Раны мне мой попутчик какой-то травой замазал, пожевал плюнул и растер. Плечо, руку и ноги нормально получилось, а вот с остальными пятью укусами, мне пришлось покраснеть немного, Все боялся, что проедет по тропе кто-то и увидит. Некрасиво могло получится, неэстетичный прямо скажу вид у меня со спущенными штанами, в раскорячку, и с бородатым мужиком сзади, занимающимся непонятными манипуляциями. Но слава ветру пронесло. Бог миловал от позора.

Отдохнули немного. Габсурдин, за это время, с кусачего колобка шкуру снял, обещал подарок потом сделать, какой не сказал, только улыбнулся многозначительно. Затем сливовой древесиной перекусили, ничего так, кисленькая на вкус, не особо противная, хотя и чувствовал себя, в процессе, неким бабром переростком. Отдохнули немного и дальше пешком пошли. Что поделаешь, больно ногам конечно, но идти надо, да и транспортного средства в округе не наблюдалось, а времени мало совсем, мне жену искать, тут уж себя жалеть не получится.

К вечеру добрались до лагеря бывших габсурдировских фастиров. Страшное зрелище. В густых зарослях кустиков — переростков, распространяющих запахи смеси мяты с тухлым мясом, с грязно-синего цвета листьями в виде сердечек и вкраплением зеленых вьющихся змеями стеблей, нас встретили угрюмые, израненные люди.
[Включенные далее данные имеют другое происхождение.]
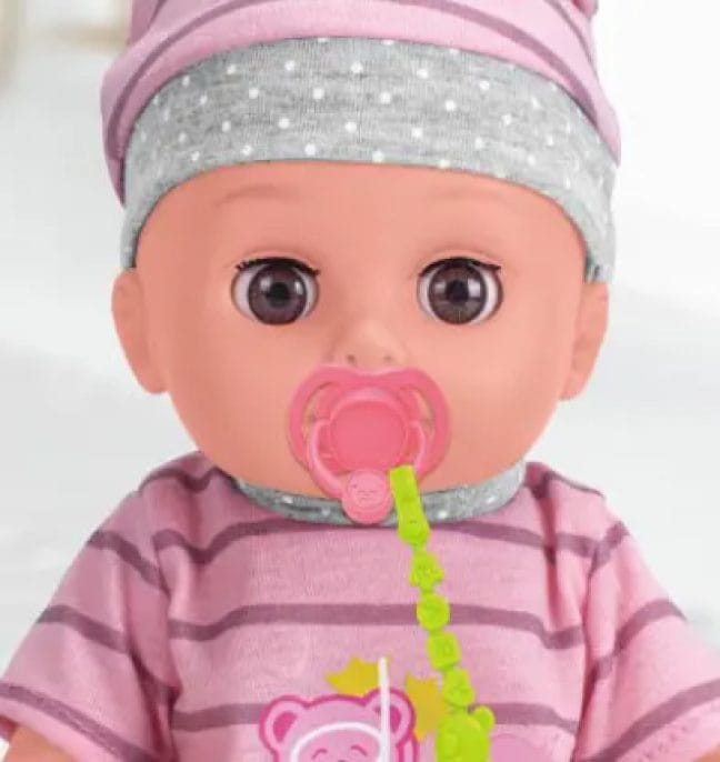 Păpușa scoate 12 sunete – de la chicoteli și scâncete, la fraze simple – iar copilul este încurajat să răspundă. Prin repetarea sunetelor și inventarea de dialoguri, copilul își îmbunătățește vocabularul și capacitatea de exprimare. Jocul cu păpuși este o metodă recunoscută de dezvoltare a limbajului, recomandată inclusiv de specialiști în educație timpurie.

Худые, в изодранной одежде, с бледными голодными лицами, они окружили нас и встали на колени перед Габсурдином, конечно только те, кто мог стоять, потому, что многие лежали на земле раненными, не способными подняться. Их отстраненный мною о обязанности вождь, не долго оставался на ногах, и рухнул, в свою очередь, перед ними склонив голову:

— Я больше не Фаст вам, друзья мои, меня лишили титула и сделали это заслуженно. — Он что-то еще говорил и говорил, а не слышал.

Смотрел на стоящих на вокруг людей, вспоминал остальные случаи такого выражения рабства, преследующие меня на каждом шагу, и думал: «Откуда такой странный, унизительный ритуал у гордых и независимых жителей Борукса». Никак не вяжется у меня в голове, способный дать подзатыльник своему Фасту Дын, с его же склоненной, через мгновение, в покорности головой. Что-то было в их истории, такое, что внесло в традиции этого мира столь странные выражения покорности. Надо непременно попробовать все это поменять. Убрать из их сознания, эту рабское преклонение. Претит это моей натуре. Ненавижу.

Из раздумий меня вывело осторожное прикосновение к ноге. Взлохмаченный, незнакомый мужик с жутким синяком во все лицо и рваной раной на плече стоял передо мной, опять же на коленях, а вокруг застыли в ожидании остальные, устремив на меня встревоженные взгляды.

— Не лишай нас Фаста, Грост. Он достоин этого звания, мы не просто так отдали ему наши жизни. Все племя просит тебя об этом.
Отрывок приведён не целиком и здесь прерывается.